ChatGPT is a publicly available web-based chatbot and API interface created by OpenAI. It connects to a large language model (LLM) called GPT (Generative Pre-Trained Transformer). GPT includes some of the largest models ever created. After the model training, there is further fine-tuning to improve its generated responses.
How ChatGPT Works
ChatGPT is part of a new group of LLMs that are now made available by a technology called transformers. Other notable and similar LLMs include BERT used by Google to understand user searches; DALL-E, which can generate images; and GPT-Neo, a promising open-source LLM.
ChatGPT is the packaging of a set of trained LLMs into a chatbot and developer friendly interface. This has created a system where there is low barrier to entry and almost everyone can start using the LLM.
What is the Relation to Internet Search?
ChatGPT is trained by using vast quantities of data from the internet. However, LLMs are different from internet search engines in the following ways:
- No ongoing daily web crawlers and updates.
- Data can be out of date. ChatGPT 3 uses data from 2021.
- The size of the data trained in the model.
- ChatGPT uses a type of fine-tuning called Reinforcement Learning from Human Feedback (RLHF).
- ChatGPT-specific approaches including prompts, embeddings, and parameters such as temperature.
History of ChatGPT
There were several generations of AI technologies that have led up to ChatGPT.
Feed Forward Networks
Artificial Neural Networks (ANNs) are a class of computational functions inspired by how neurons work in the human brain. Neurons are arranged in layers and training occurs by guiding the network to differentiate between correct and incorrect answers. These are called feed-forward networks because signals move forward through the system.
One example of a common ANN is a Convolutional Neural Network (CNN). These are commonly used in image recognition. A convolution can be thought of as a filter applied to the image to make things like edges or specific features stand out.
Recurrent Neural Networks
One limitation of ANNs is that they don’t have the concept of time sequences and the input size is fixed. So for language processing where a sequence of words or a sentence exists, Recurrent Neural Networks (RNNs) were created.
RNNs feed decision results back into the system. So for example, if the sentence “What time is it?” were to be translated, when the word “it” is encountered, the system would already know all about the question.
While RNNs are very useful for language translation, they do not scale well with large amounts of information. Also, computations cannot be done in parallel.
Breakthrough with Transformers
The breakthrough that allowed BERT and ChatGPT-based models is called transformers, introduced in a paper from 2017 entitled “Attention is all you need”. It was presented as a way to build machine translation but to have much faster parallel execution. It also introduced a new concept called Self Attention to further make sense of long language sequences. It creates connections between different parts of the sequence.
So how does it all work? In the transformer-based model, each word is transformed into a token. As tokens are read as part of an input sentence the model starts predicting what the output should be - similar in concept to sentence completion.
Due to the use of transformers in creating the model, the potential output is not just a prediction of the next word. Because the model is trained with deep understanding and “attention”, whole sentences and groupings of text are generated. The model used by ChatGPT can accept several thousand tokens as input.
Risks and Limitations
Because current LLMs are trained against data sets from some period in the past, they don’t always give accurate information. Also, their correctness is only as good as the data they are trained with. This doesn’t always lead to accurate results.
ChatGPT and LLMs in general often give confident and plausible generated results, but sometimes they are wrong or do not make sense. In AI, these are called hallucinations. With prompt engineering, ChatGPT can be told to not give an answer unless it has high confidence in the results. This can reduce hallucinations but not completely solve the problem.
Using ChatGPT requires the sending of information over the internet. Sending personal or sensitive information presents a possible security risk.
The internet is full of biased negative information.

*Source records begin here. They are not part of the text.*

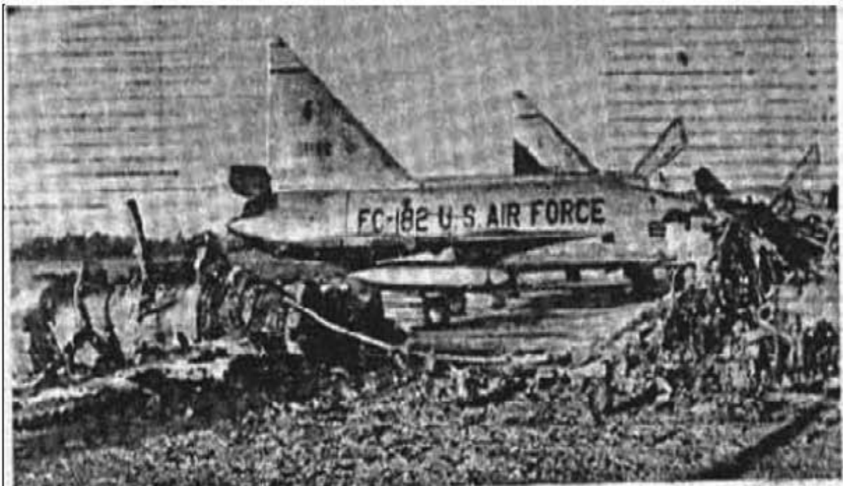
VIET CONG SURPRISE ATTACK ON DA NANG AB DESTROYED F-102 DELTA DAGGER (FOREGROUND).
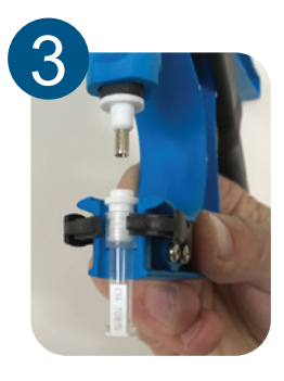
2a. Remove the TSU tube from the pliers by squeezing the two spring loaded clips together, then slide out the tube.
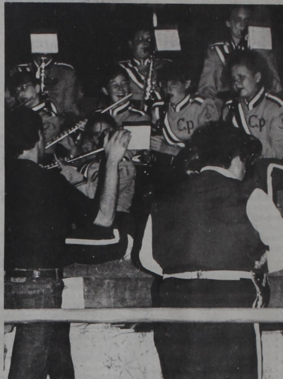
PERFORMING IN STANDS — The Buffalo Marching Band entertains the crowd.

FRIDAY — Hamburger, lettuce, tomato, and pickles, fries, Ice Cream, and milk.
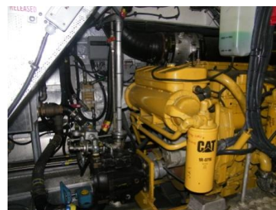
Powered by two 600 HP CATS Good workspace around them
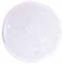
2719 Transparent C00
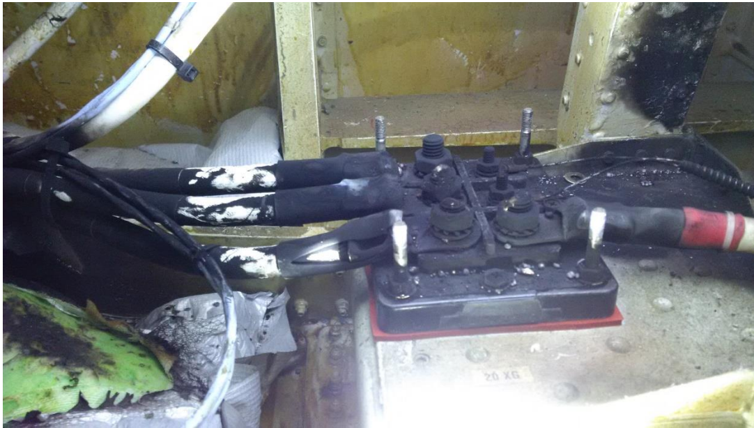
Pic 1: Evidence of fire. Soot present on wiring and structure.

The operator of this aircraft was fortunate that the fire had extinguished itself and had not caused more extensive damage to other components. The crew was also fortunate that an emergency landing was not conducted. To confirm wear and tear of the external power receptacle, Airbus recommends performing the GO-NOGO test, Aircraft Maintenance Manual (AMM) Task 24-41-00-220-801-A on an interval of 36 months/8000 Flight Cycles.
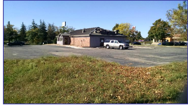
Large parking lot
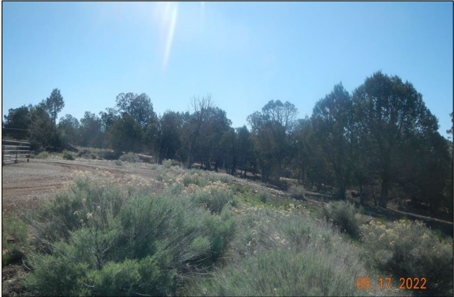
Photo 2. View of the southern project area from the southeastern corner facing westward. Revegetation is progressing here, largely with rubber rabbitbrush and western wheatgrass.
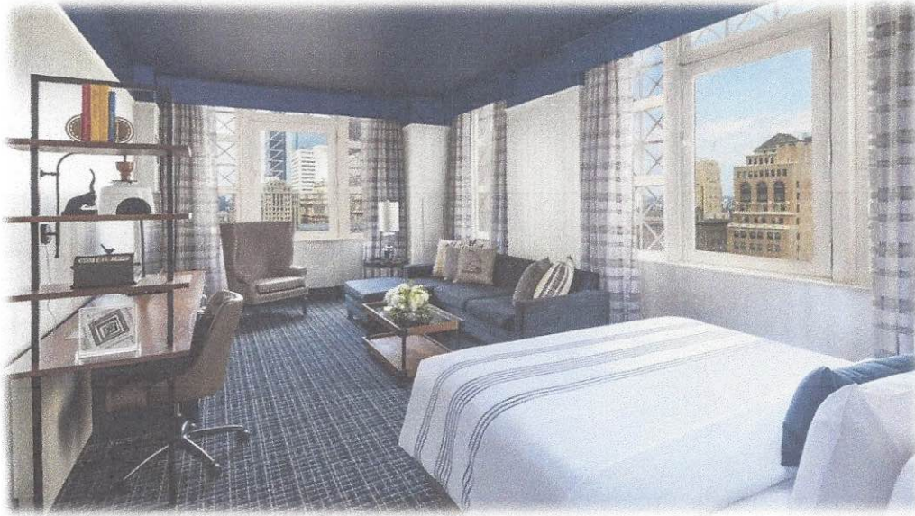
(3 Star) The Notory Hotel Philadelphia – Avg. $187/night
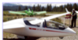
SILVERADO SOARING, INC.
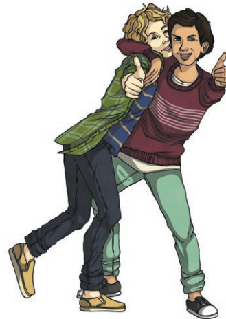
we or us
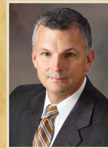
Graduates on Giving
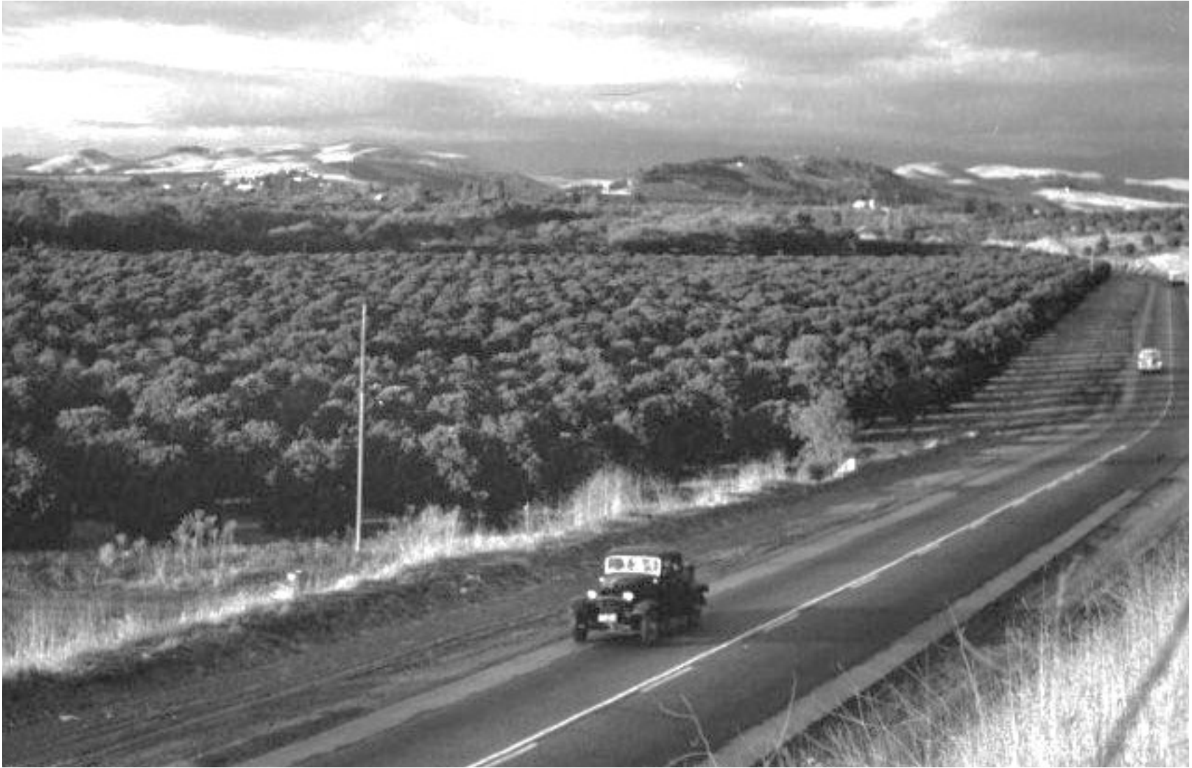
Orange County 1947
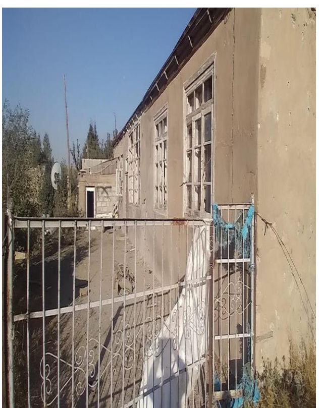
Gegharkunik province, Sotk community
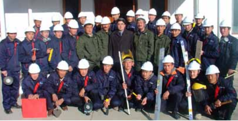
SPCE Bricklaying / Masonry, Construction Carpentry, and Plastering and Tiling learners at the opening of Naryn's Technical and Vocational Education Training (TVET) Centre in 2007.
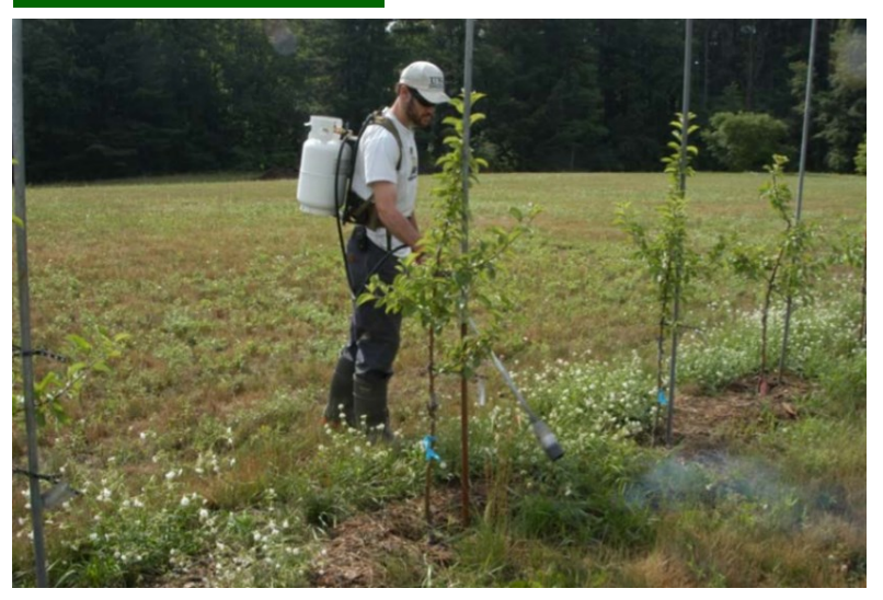
Figure 3. Backpack flame weeders are relatively inexpensive and can spot-treat problem weeds but can start fires if not very carefully used.

Propane-fueled flame weeders are used successfully in some crops to manage weeds. The flame need not burn the whole plant, but must only raise the temperature enough to rupture cells which leads to plant death. This can be achieved with a quick pass over the plants. However, this only kills the tops of plants and many weed species will quickly regrow from the roots. Also, flame weeding can damage low limbs and tree trunks if not applied very carefully. There is also danger of starting fires in dried thatch and other vegetation and damaging irrigation lines. Generally, flame weeding is not particularly effective in most orchard systems.
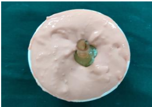
Fig. 3: Impression poured in a different colour alginate
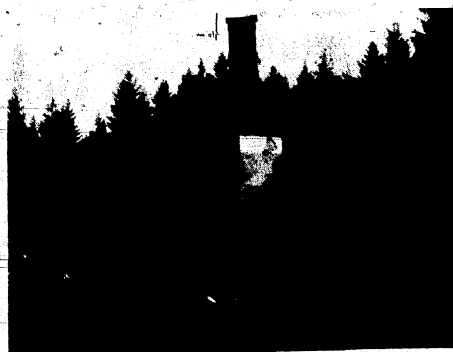
A home belonging to the E. H. Walkers, located at the West end of the Concrete Airport, below the air strip on the Dalles Highway, was completely destroyed by fire during the night last Tuesday. First indication of the blaze came Wednesday morning when early motorists noticed the
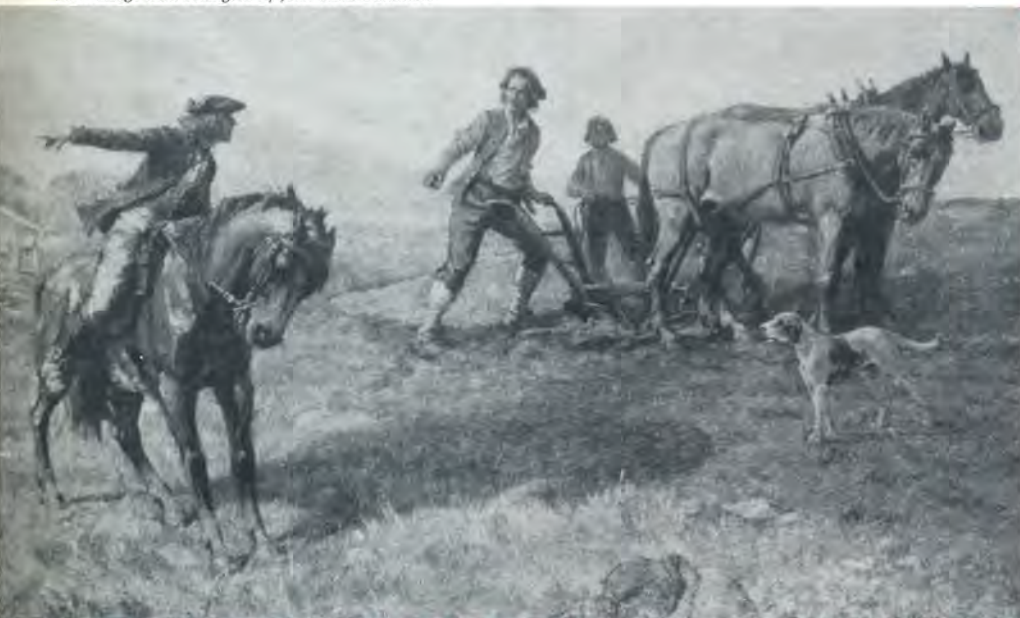
The patriot Paul Revere called all the able-bodied men to come out and fight for the cause of liberty at the first battle of the Revolutionary War, the Battle of Lexington and Concord.
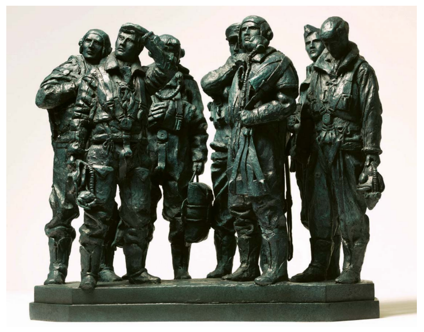
Maquette of Bomber Command memorial sculpture Height 43cm Width 48cm Depth 25cm Edition of 20
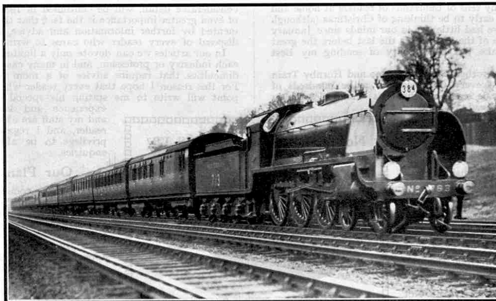
Down " Bournemouth Express " hauled by "King Arthur" class locomotive No. E.783 " Sir Gillemere ." For permission to reproduce this and the other illustrations to this article we are indebted to the courtesy of the Southern Railway

At the head of the train one of the "King Arthur" class usually may be found, but at times a "Lord Nelson" may have charge of the train. The locomotives that were in use in the pre-war period when the two-hour schedule
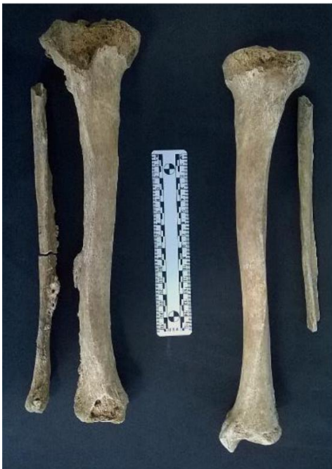
Figure 8: Bowed tibiae of Chichester 115
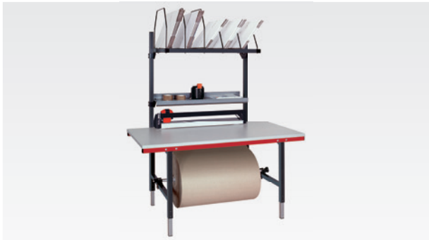
SYSTEM 2000 model 2 Art. 163002 With cutting device.
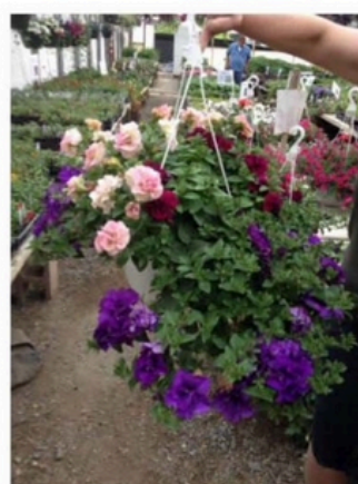
Double Rainbow Wave

For ChatGPT to be useful, this information needs to be filtered so that it is not produced in responses. OpenAI has identified this as a major concern with ChatGPT and LLMs in general.
ChatGPT was intended to be a demonstration product. Companies around the world are evaluating how to use this new technology. There are usage scenarios that may reduce or replace some work being performed by human beings. These include:
- Processing and summarizing text
- Filtering human-generated content
- Creating advanced chatbots
- Writing code
- Customer service and support
- Generating styled documents (i.e. resumes, proposals, emails)
- Much more!
Costs to train a LLM can be in the millions of dollars - so training frequently may hit commercial challenges. After training, each inference or transaction costs some amount of money and computing power.
New Areas of Tech
ChatGPT Prompt Engineering, Embeddings, and Fine tuning are necessary in using new LLM technology. There are predictions that some types of coding may change as these technologies continue to develop, however, work in the assessment and refinement of new programming approaches is just beginning.